Patients with HIV/AIDS in the Kaiser Permanente Northern California database and on HAART for at least six months were identified. Eligible patients were subdivided into three groups based on ritonavir exposure. The high dose group included patients with at least six months of consecutive ritonavir exposure at greater than 200 mg total daily dose (TDD); the low dose group included patients with exposure at less than 200 mg TDD, and the control group included patients with no ritonavir exposure. Upon consent, patients underwent a thorough general medical history and ocular exam, including fundus photography and OCT of both eyes. At the present time, 16 patients in the high dose group, 7 patients in the low dose group, and 7 patients in the control group have enrolled in the study and completed examination.

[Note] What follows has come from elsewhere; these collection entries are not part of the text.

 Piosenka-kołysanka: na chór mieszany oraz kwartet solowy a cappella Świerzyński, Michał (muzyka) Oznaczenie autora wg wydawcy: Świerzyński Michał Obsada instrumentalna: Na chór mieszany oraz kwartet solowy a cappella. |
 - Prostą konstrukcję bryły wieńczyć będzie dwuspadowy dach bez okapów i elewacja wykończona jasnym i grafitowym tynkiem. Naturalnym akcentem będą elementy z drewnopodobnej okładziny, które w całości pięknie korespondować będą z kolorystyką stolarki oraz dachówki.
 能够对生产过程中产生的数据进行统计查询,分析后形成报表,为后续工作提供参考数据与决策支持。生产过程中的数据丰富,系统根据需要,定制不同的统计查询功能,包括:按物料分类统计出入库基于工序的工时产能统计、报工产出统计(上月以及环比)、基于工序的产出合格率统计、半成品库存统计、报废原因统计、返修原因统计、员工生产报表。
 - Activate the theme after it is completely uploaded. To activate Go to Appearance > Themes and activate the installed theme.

All patients were male, with a median age of 54.5 years. Twenty four of the 30 patients were Caucasian; the rest were Asian (n=2), Latino (n=3), and African-American (n=1). Mean duration of HIV infection was 16 years, and mean CD4 cell count was 518 cells/µL. Twenty eight of the 30 patients had an undetectable viral load. No macular abnormalities were identified on examination or imaging studies.

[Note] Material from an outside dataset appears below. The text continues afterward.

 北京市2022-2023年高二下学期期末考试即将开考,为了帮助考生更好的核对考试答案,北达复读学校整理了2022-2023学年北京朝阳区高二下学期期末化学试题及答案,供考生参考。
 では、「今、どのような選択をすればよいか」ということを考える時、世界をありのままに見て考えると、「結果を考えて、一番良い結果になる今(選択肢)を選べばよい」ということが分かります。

Based on clinical observations of three HIV positive patients with strikingly similar macular changes of unknown cause, we believe that a toxic maculopathy may develop from a HAART medication, possibly ritonavir. It may represent a drug-induced phospholipidosis potentiated by liver disease. Given the absence of findings in our initial 30 patients and the number of patients receiving HAART containing ritonavir, the maculopathy is clearly rare. We plan to conduct a future study that will limit the screening population to those patients on HAART with liver toxicity, with the hypothesis that the prevalence of maculopathy will be easier to gauge in a high-risk population.